Coming to optimisations:
For the hash key I would prefer unsigned value: Negative indices are meaningless anyway, so why allow them at all? long long (signed or unsigned) might be a bad choice if testing system is a 32 bit system (might be unlikely, but still...). size_t covers both issues at once: it is unsigned and it is selected in size appropriately for given system (if interested in details: actually adjusted to address bus size, but on modern systems, this is equal to register size as well, which is what we need). Select type of pow to be the same.
deleteAll is implemented inefficiently: With each element you erase you move all the subsequent elements one position towards front. If you delete multiple elements, you do this repeatedly, so one single element can get moved multiple times. Better:
auto pos = vector.begin();
for(auto& pair : vector)
{
if(pair.first != keyToDelete)
*pos++ = std::move(s); // move semantics: faster than copying!
}
vector.erase(pos, vector.end());
This will move each element at most once, erasing all surplus elements in one single go. Appart from the final erasing (which you have to do explicitly then), this is more or less what std::remove and std::remove_if from algorithm library do as well. Are you allowed to use it? Then your code might look like this:
auto condition = [&keyToDelete](std::pair<std::string, std::string> const& p)

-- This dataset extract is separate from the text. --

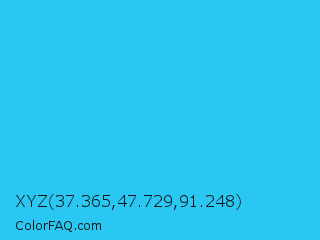 XYZ 37.365,47.729,91.248 Color is a normal cyan color and the nearest color is Spiro Disco Ball #0fc0fc. Hex code #29c7f2 and RGB value is rgb(41,199,242). In RGB color space, this color is composed of 16% red, 78% green, 95% blue, In CMYK color space, this color is composed of 83% cyan, 18% magenta, 0% yellow , 5% black , In HSL color space, this color has a hue angle of 193° , 89% saturation and 55% lightness.

{ return p.first == keyToDelete; };
vector.erase(std::remove_if(vector.begin(), vector.end(), condition), vector.end());
and you profit from already highly optimised algorithm.

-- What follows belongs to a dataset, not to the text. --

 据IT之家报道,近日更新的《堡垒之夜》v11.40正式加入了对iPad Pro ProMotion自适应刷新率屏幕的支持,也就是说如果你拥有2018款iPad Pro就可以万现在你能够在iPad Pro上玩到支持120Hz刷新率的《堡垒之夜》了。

Just a minor performance gain, but still: You can spare variable initialisation, assignment and conditional branch (the latter one can be relatively expensive operation on some systems) within put if you simply return if an element is found:
//int checker = 0;
for(auto& pair : hashTable[hash]) // just a little more comfortable to write...
{
if(pair.first == key && pair.second == value)
return;
}
auto key_value = std::make_pair(key, value);
hashTable[hash].push_back(key_value);
Again, with algorithm library:
auto key_value = std::make_pair(key, value);
// same condition as above!
if(std::find_if(vector.begin(), vector.end(), condition) == vector.end();
{
vector.push_back(key_value);
}
Then less than 100000 operations does not indicate that each operation will require a separate key/value pair. We might expect that keys are added, removed, re-added, ..., so you most likely don't have to cope with 100000 different values. I'd assume your map is much too large (be aware that it requires initialisation of 100000 vectors as well). I'd assume a much smaller one should suffice already (possibly 1009 or 10007? You might possibly have to experiment a little...).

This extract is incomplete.